Hi, I have made the Gist:
https://gist.github.com/choishingwan/6886050
(Sorry about the format, I am new to Gist...)
When inspecting the content, I remotely remember seeing similar error when using the GATK Queue with the Could not find the main class: org.broadinstitute.sting.gatk.CommandLineGATK Error. However, when using GATK 2.6, I would observe such problem. I can even finish full Queue run based on the best practice from GATK
Thank you for your help
The error comes from using a pre-1.7 Java version running GATK 2.7 (or 2.6):
http://stackoverflow.com/questions/10382929/unsupported-major-minor-version-51-0
I know you mention installing 1.7 but it looks like the pipeline is picking up 1.6 instead which causes the issue. I added a check to bcbio-nextgen which should make the origin of the java used more clear in case it is a PATH issue. You can upgrade with bcbio_nextgen.py upgrade -u development
or double check the current version on your PATH. Hope this helps.
I see I have now solved the problem with some googling.
So what happened with our server is that the original java (java 1.6) was installed at /usr/bin/java whereas our java 1.7 was installed at /software/java-7/jre1.7.0_25/bin/java.
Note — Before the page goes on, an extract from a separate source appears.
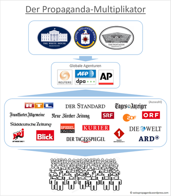 Die Forschungsgruppe zu Propaganda in Schweizer Medien veröffentlichte kürzlich eine umfassende Studie mit dem Titel „Der Propaganda-Multiplikator“. Darin wird vor allem die Rolle von global agierenden Nachrichtenagenturen in Hinblick auf ihre Berichterstattung untersucht. Als Beispiel wurde etwa die Syrien-Berichterstattung in Deutschland, Österreich und der Schweiz herangezogen. Fazit: Der größte Teil der internationalen Nachrichten in all unseren Medien stammen von nur drei globalen Nachrichtenagenturen.

In order for us to use the bcbio_nextgen with the latest GATK, we will need to set the JAVA_HOME and also the PATH, pointing at the new java location and that will allow us to run the pipeline without the error message.
Thank you.
sorry, I cannot find specific code for supporting GATK2.7, can you tell me where it is? i want to add the support of --emitRefConfidence to HaplotypeCaller, please advice.